> [Task objective] Transcribe every line of the material below without change, apart from dropping the pictures.

> [Data segment]
# # # # #

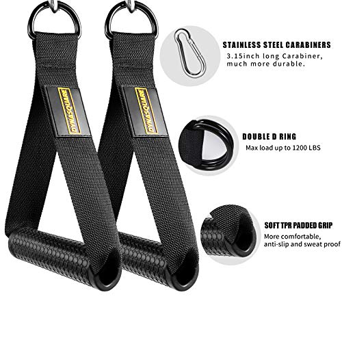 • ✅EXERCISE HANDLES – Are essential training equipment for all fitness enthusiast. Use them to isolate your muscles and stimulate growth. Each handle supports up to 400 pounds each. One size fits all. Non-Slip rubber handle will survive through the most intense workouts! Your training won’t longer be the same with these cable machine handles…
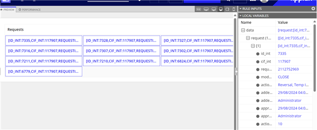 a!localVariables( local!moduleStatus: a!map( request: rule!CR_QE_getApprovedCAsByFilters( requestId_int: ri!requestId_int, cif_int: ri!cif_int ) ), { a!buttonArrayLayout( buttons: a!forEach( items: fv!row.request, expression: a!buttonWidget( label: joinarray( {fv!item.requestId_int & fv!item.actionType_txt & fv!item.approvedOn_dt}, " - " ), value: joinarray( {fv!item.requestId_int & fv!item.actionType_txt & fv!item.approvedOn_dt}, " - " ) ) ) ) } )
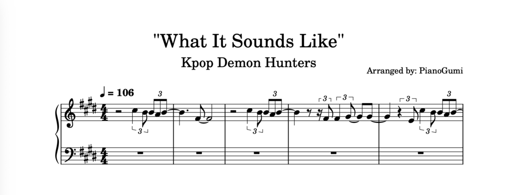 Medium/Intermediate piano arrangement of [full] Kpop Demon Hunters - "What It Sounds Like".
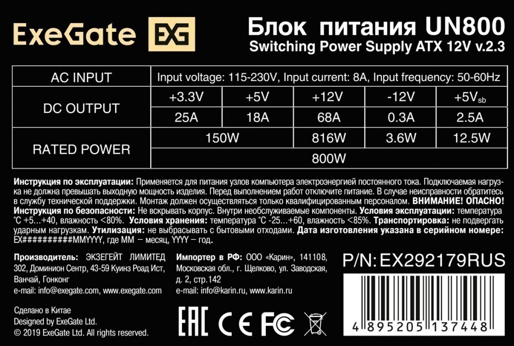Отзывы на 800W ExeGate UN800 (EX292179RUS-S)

# # # # #

> [Written response]
 • ✅EXERCISE HANDLES – Are essential training equipment for all fitness enthusiast. Use them to isolate your muscles and stimulate growth. Each handle supports up to 400 pounds each. One size fits all. Non-Slip rubber handle will survive through the most intense workouts! Your training won’t longer be the same with these cable machine handles…
 a!localVariables( local!moduleStatus: a!map( request: rule!CR_QE_getApprovedCAsByFilters( requestId_int: ri!requestId_int, cif_int: ri!cif_int ) ), { a!buttonArrayLayout( buttons: a!forEach( items: fv!row.request, expression: a!buttonWidget( label: joinarray( {fv!item.requestId_int & fv!item.actionType_txt & fv!item.approvedOn_dt}, " - " ), value: joinarray( {fv!item.requestId_int & fv!item.actionType_txt & fv!item.approvedOn_dt}, " - " ) ) ) ) } )
 Medium/Intermediate piano arrangement of [full] Kpop Demon Hunters - "What It Sounds Like".
Отзывы на 800W ExeGate UN800 (EX292179RUS-S)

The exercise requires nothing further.